# can you troll on a bass boat



## awfootball (Aug 10, 2005)

im getting a 591 nitro its 18'7'' bass boat and i was wondering if i can troll off of it real well or not or if i need to buy any rod holders or if i should use my trolling moter or my big engine my big engine is 150 hp and my trolling moter is 70 pounds of thrust 

so any advice would be good


----------



## freyedknot (Apr 10, 2004)

yes you can troll. i would install some rod holders for sure.trolling w/ the 150 may foul plugs after a long trolling period,and your trolling speed may be too high.then you will need to slow down early in the year till june/july. use drift sox to slow your troll. or just use the electric motor. have to try and see what works best for your rig.


----------



## FishingAddict17 (Apr 21, 2004)

If you don't want to install rod holders on your bass boat, these things work out really well. 

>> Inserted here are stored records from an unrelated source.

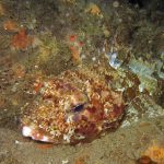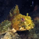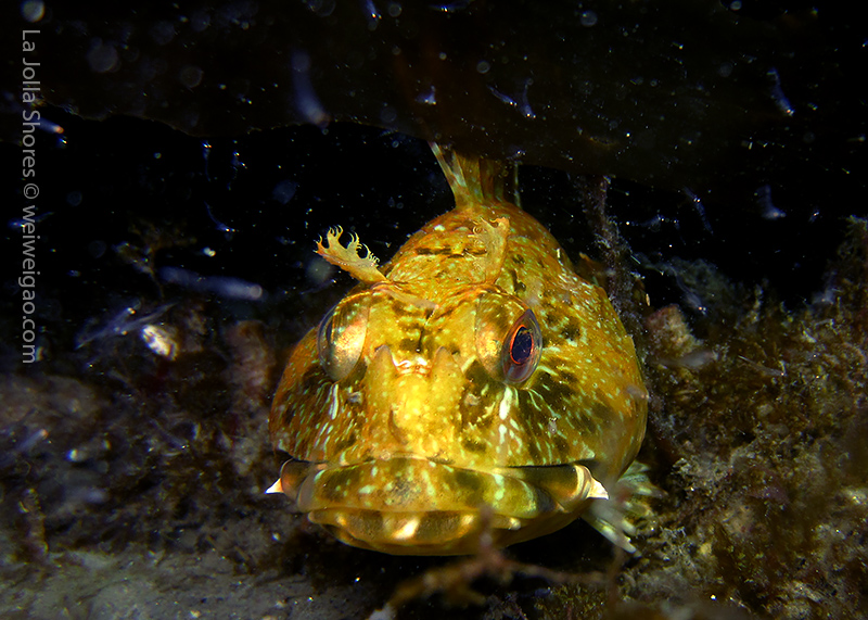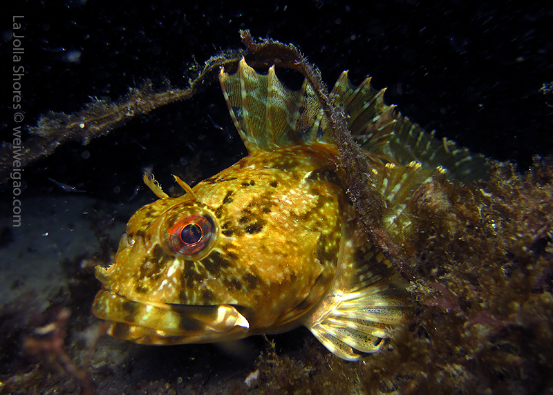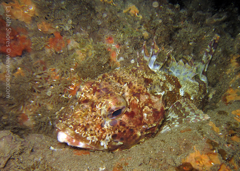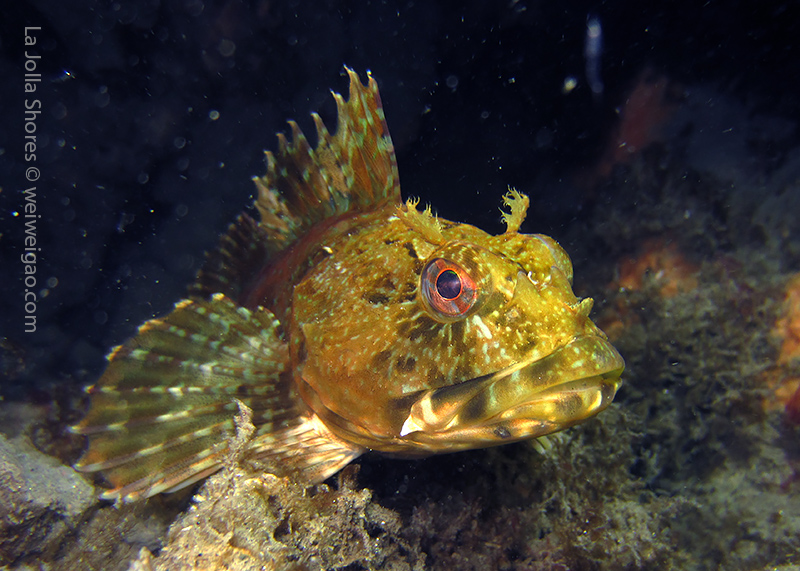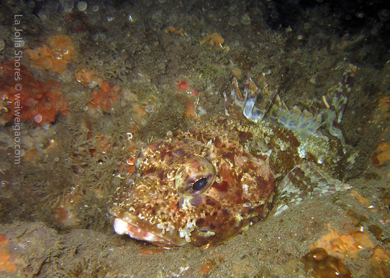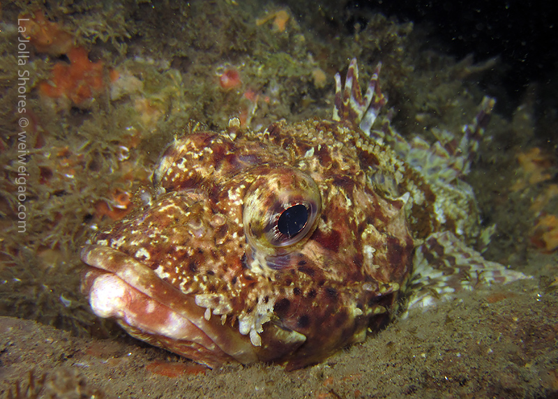 Near the Vallecitos Point, there was a huge scorpion fish nesting on the canyon wall. It was interesting because there were two huge harbor seals aggressively hunting around the area, stirring up all the dusts. However, they missed the scorpion fish.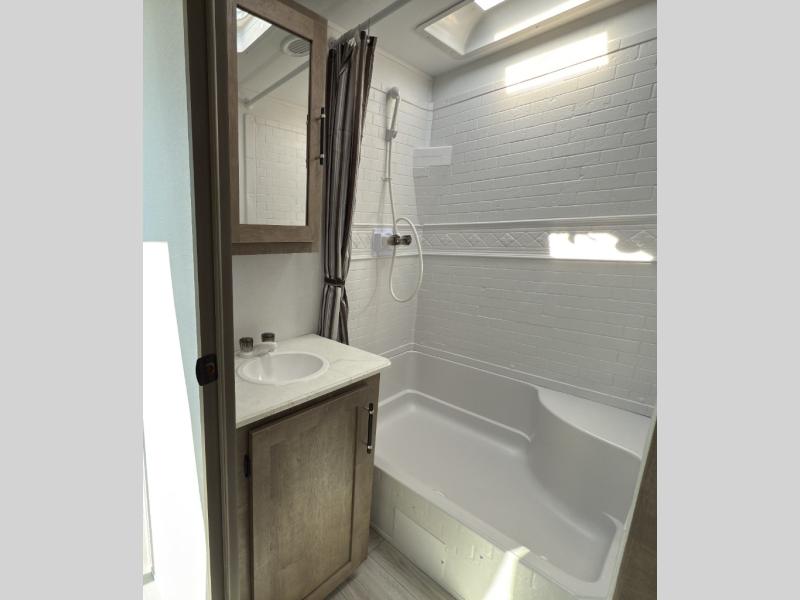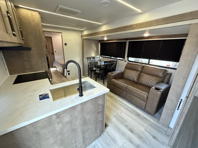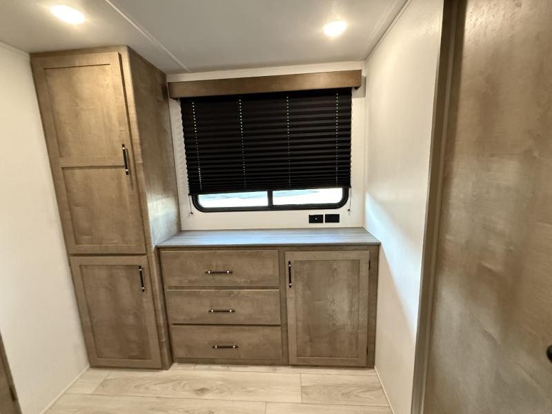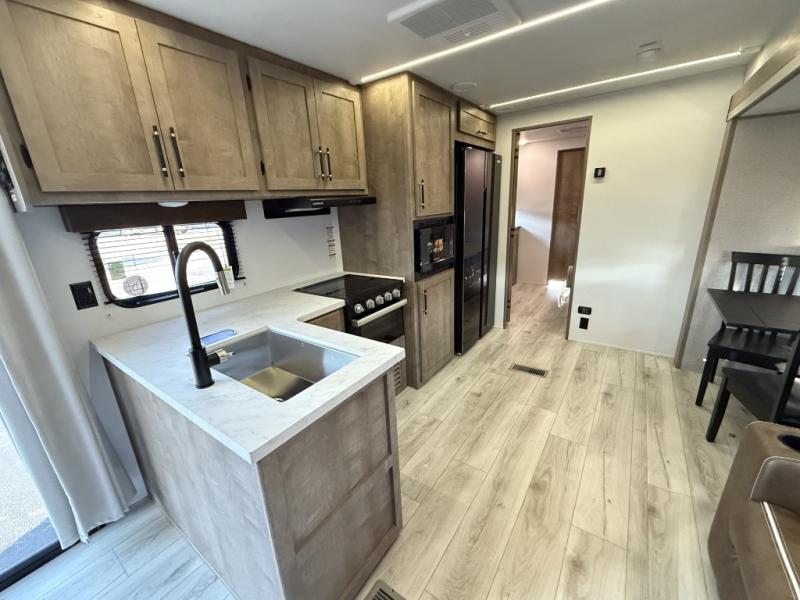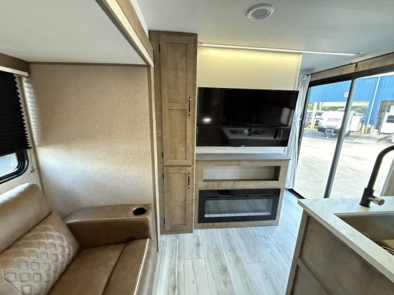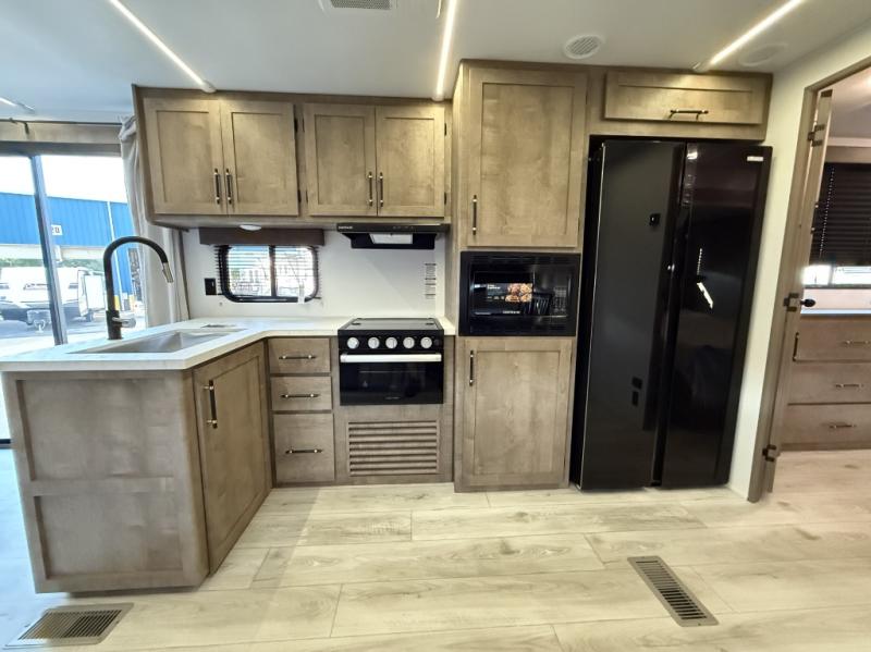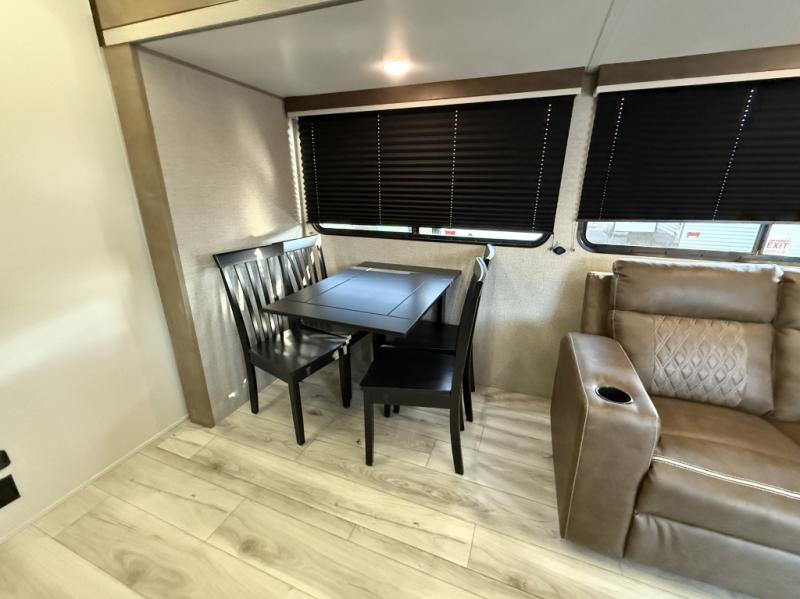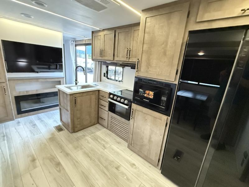 You can't go wrong with this spacious destination travel trailer in tow! Once you arrive at your destination, you can put out the 20' power awning and relax with a cold drink. The full kitchen includes all the appliances needed to make lunch, and you can dine at the flex lounge or relax on the tri-fold sofa. An entertainment center with a fireplace will make this space feel more like home, and the large slide gives the dog space to nap on the floor. The master bedroom towards the back includes a queen bed slide, dual closets and a TV, plus a full rear bath for added convenience. You'll find the second full bath up front by the second bedroom, along with a king bed slide, a spacious closet, plus washer and dryer prep if you choose to add these appliances.
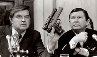 Senators Frank Church and John Tower demonstrate a poison dart gun (U.S. Senate hearings, 1975) |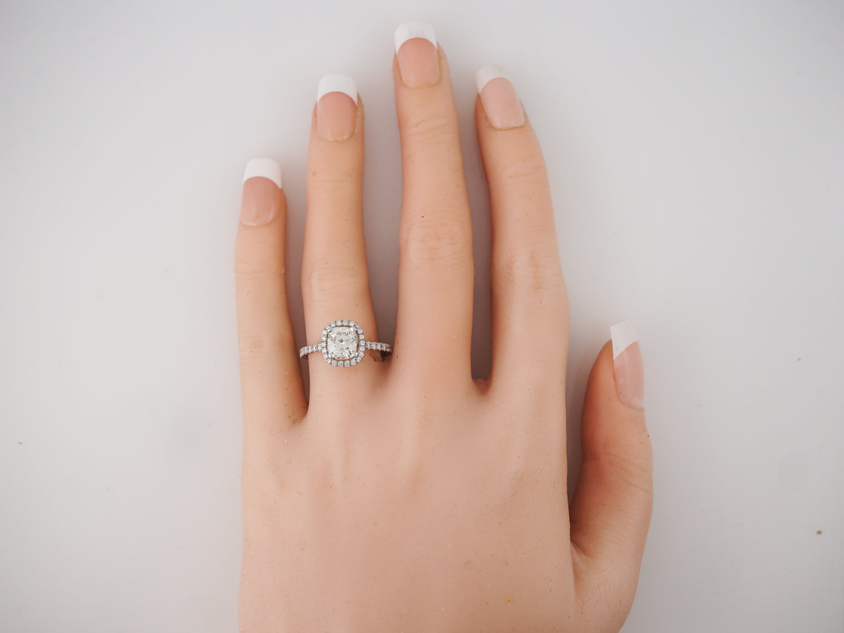 This Modern engagement ring features a beautiful 1.20 carat cushion cut diamond at its center. The center diamond is accented by a halo of diamonds with just a touch of negative space between the center stone and the outer frame. This design choice adds a dynamic element, emphasizing the shape and size of the center stone while maximizing the brilliance. Unlike many modern halo designs, this ring sits fairly low to to finger and makes it easy to wear everyday.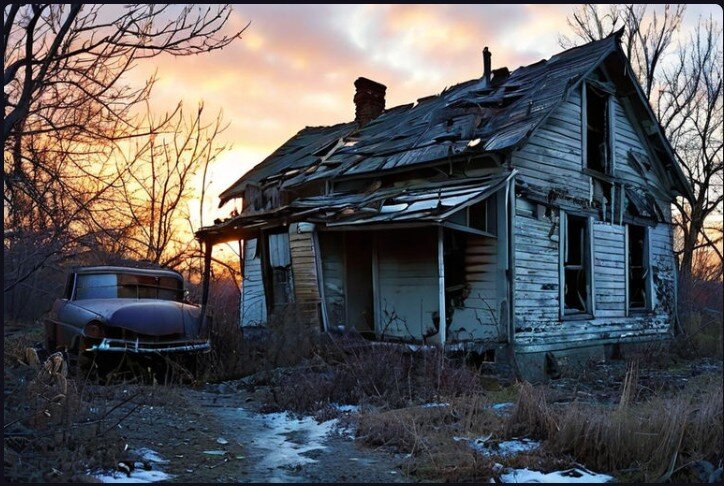 Аня сделала несколько шагов внутрь. Перед ней предстал дом, такой же деревянный и давно невидящий ни краски, ни ухода, покосившийся влево параллельно ржавой калитке. Крыша прохудилась, кое-где торчали вверх доски. Дом казался абсолютно заброшенным. Разве здесь можно жить? Нет, Аня не ожидала увидеть хоромы или такой же шикарный дом как у родителей Глеба, но не такой же…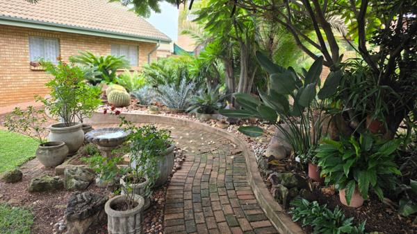The garden is beautifully maintained and adds a tranquil touch to the property, featuring established cycads that enhance the outdoor setting.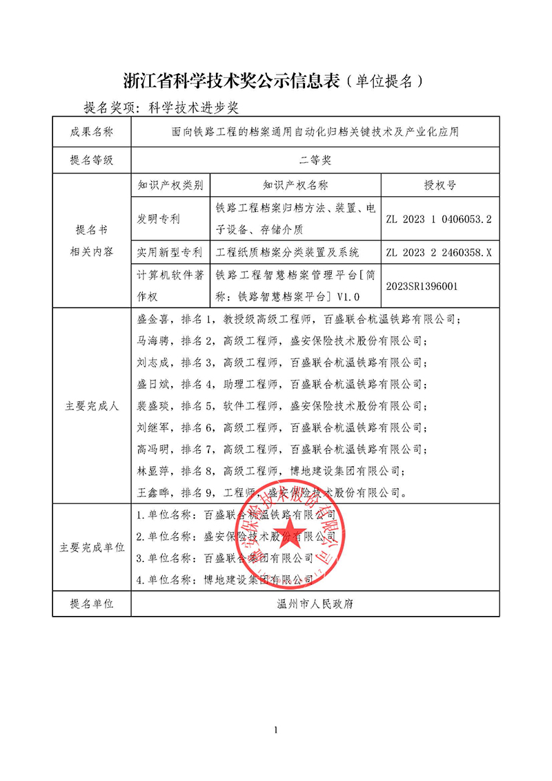浙江省科学技术奖公示信息表

http://cabelas.com/cabelas/en/templ...roll&noImage=0&returnPage=search-results1.jsp

As for the motor thing, freyedknot gave you some good advice. If you have a Merc, you could get fancy with the Smartcraft system. I am planning to get one for my boat soon.


----------



## awfootball (Aug 10, 2005)

thx foor the advice it helped a lot!!!


----------



## FutureClassicChamp (Jan 16, 2006)

depends what you wanna troll for. if youre trolling for muskies, the outboard would be perfect.


----------